In a time when many Australian businesses are outsourcing key elements like customer service and packaging to second or third parties, Samantha says the Art of Tea team prides themselves on their end-to-end customer service.
The tea leaves, spices, herbs and floral ingredients are all hand blended, packaged, and shipped by the small, all-female Art of Tea team in Kingston, just south of Hobart.
“We’re here to speak to cafés and help them with their needs and are always at the other end of the phone – we’re not a bot or a chat. We’re real, we’re authentic, and we know our teas.
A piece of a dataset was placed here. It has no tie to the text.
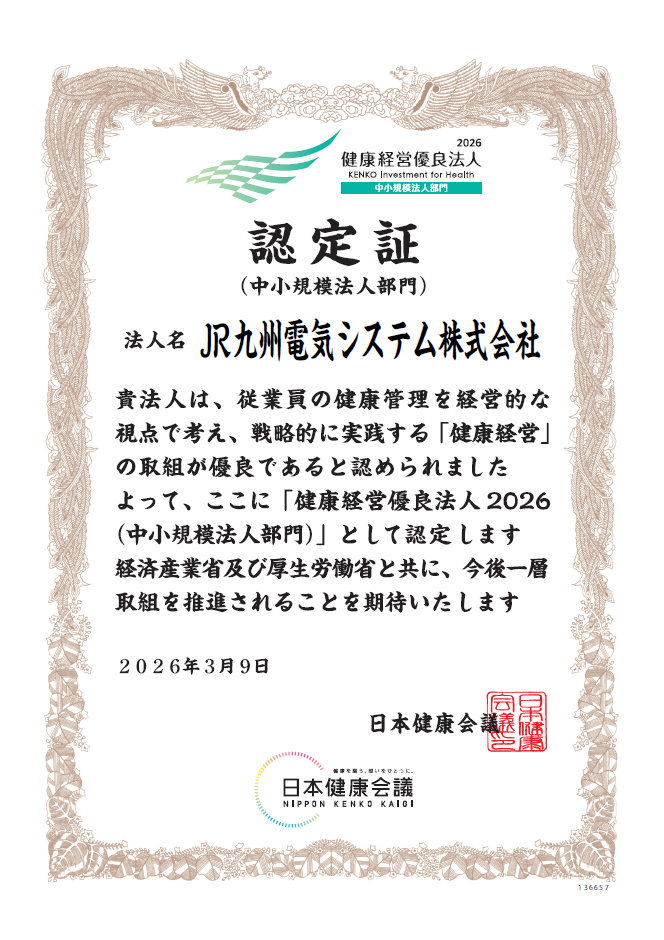 健康経営優良法人認定制度において、「健康経営優良法人2026(中小規模法人部門)」 に認定されました。

“We have a one-to-one relationship with all our hospitality and retail customers. We speak directly with the cafés and businesses we work with.”
Samantha says that personalised relationship enables fast service, even from Tasmania.
“Although we’re hand-making our products, we send orders out same or next day. Sometimes people on the mainland have a fear that us being in Tasmania means delivery will be slow, but it’s truly not a problem. Our reviews speak volumes about our efficiency and speedy delivery times,” she says.
Given Art of Tea has full control over its own packaging and blends, it is also able to customise its products for cafés to help ensure they further stand out from the crowd.
“We can custom blend a tea for a café and we can create custom labels,” she says.
“For example, if we’re partnered with Red Corner Café, we can package up the box so it has their label and branding on it, so they can retail it to their customers. It’s still our tea and our brand, but it creates a new and unique retail proposition for the café.
“We have customers all over Australia who have been buying tea from us for more than 20 years. Because of that I am fully confident we are producing a high-end product that they love and delivering it to them reliably time and time again.”